NARRATOR: Similarly, it was also found in 2019 that many wasps carry a virus that increases their longevity, enabling the virus to be spread further.
FISHER: Viruses sort of straddle our concepts of living or nonliving because they require a host in order to reproduce themselves and also to carry out any life function.
So they can't metabolize or utilize their own energy.
They have to rely on a host cell to do that and to make copies of themselves as well.
NARRATOR: On its own, a virus is inert.
It only comes to life and is able to reproduce once it comes in contact with a host.
Like the viruses themselves, if extraterrestrials are altering humans, is it perhaps to further their own species? Are they slowly transforming us into new incarnations of themselves, not to advance humankind, but their own kind? Perhaps.
But some ancient astronaut theorists suggest that, as is the case with the aphid and also the wasp, this process might be mutually beneficial.
POPE: One theory is that these extraterrestrial visitors, they are a dying race, and that they are injecting new genetic material which will help save them.
Another related theory is Let's take human DNA, let's take alien DNA, and let's create something even better.
TSOUKALOS: I think that humankind has been part of a eternal experiment, something that's begun a long, long time ago, and I think that this is an ongoing process.
Now, figuring out what the change is, is your guess is as good as mine.
COLLINS: If we find that viruses do come from space, then we know that because there is a relationship between viruses and evolution, that this is something that must be universal.
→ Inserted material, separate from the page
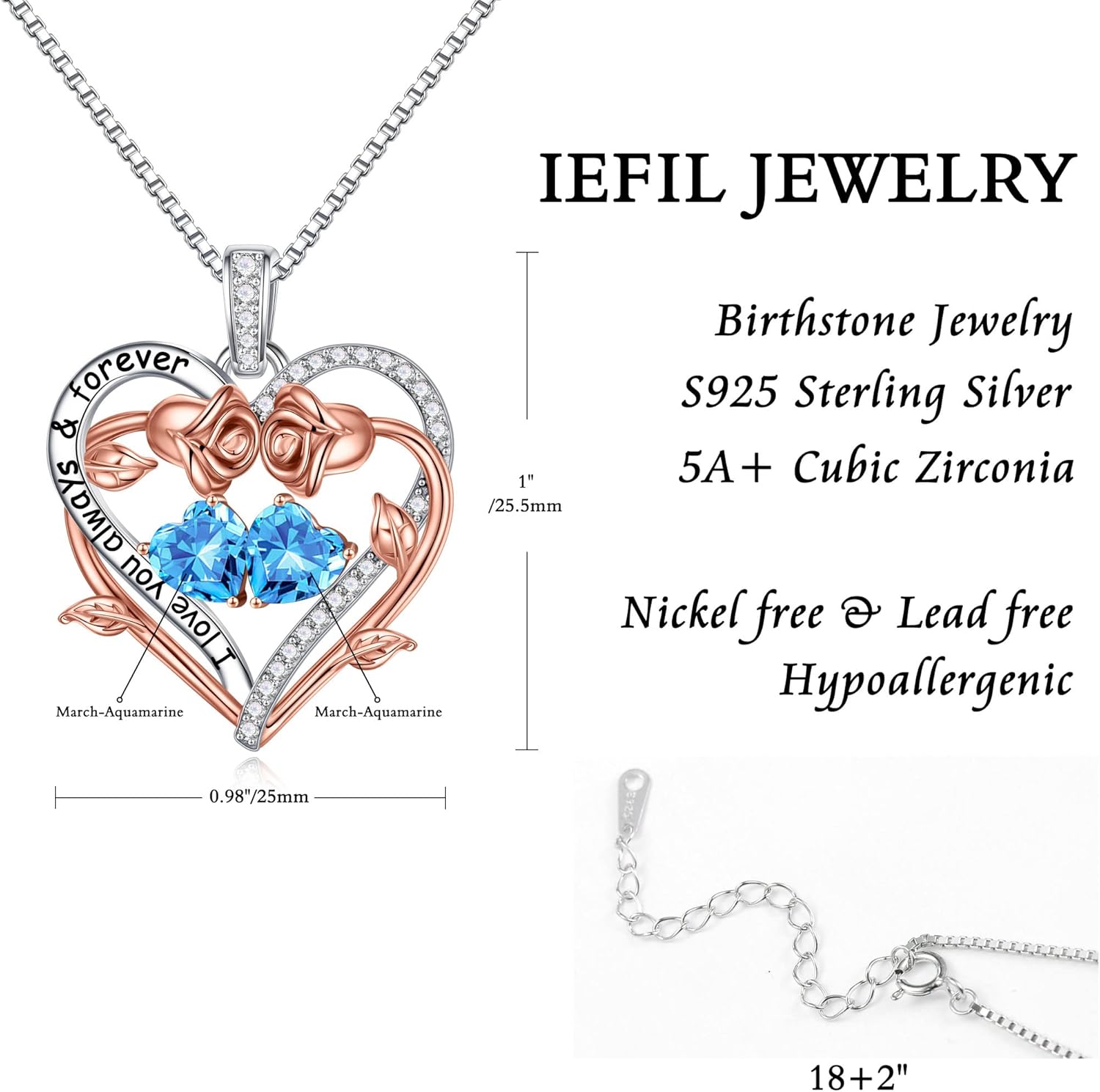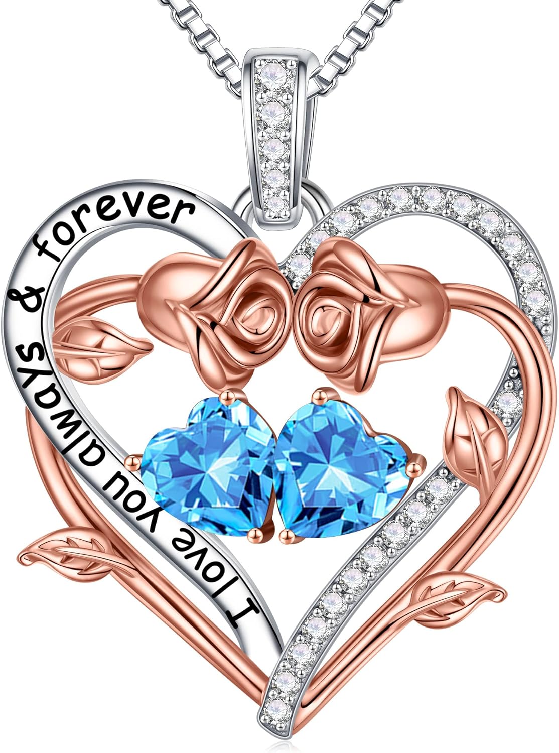 Iefil Rose Heart Double Birthstone Necklace Gifts for Wife Her Mom Women, Birthstone Jewelry Gemstone Birthday Gifts for Girlfriend Grandma Her Wife Women

It's something that connects us with every other possible life source everywhere out there in the universe.
NARRATOR: Is it possible that the history of disease on our planet is not only a human story, but an extraterrestrial one? As far as ancient astronaut theorists are concerned, the answer is a profound "yes.
" And if such a notion is true, they insist that these so-called "alien infections" are not meant to destroy us, but to serve as a kind of inoculation, a preparation for the day when mankind comes face-to-face with its alien relatives.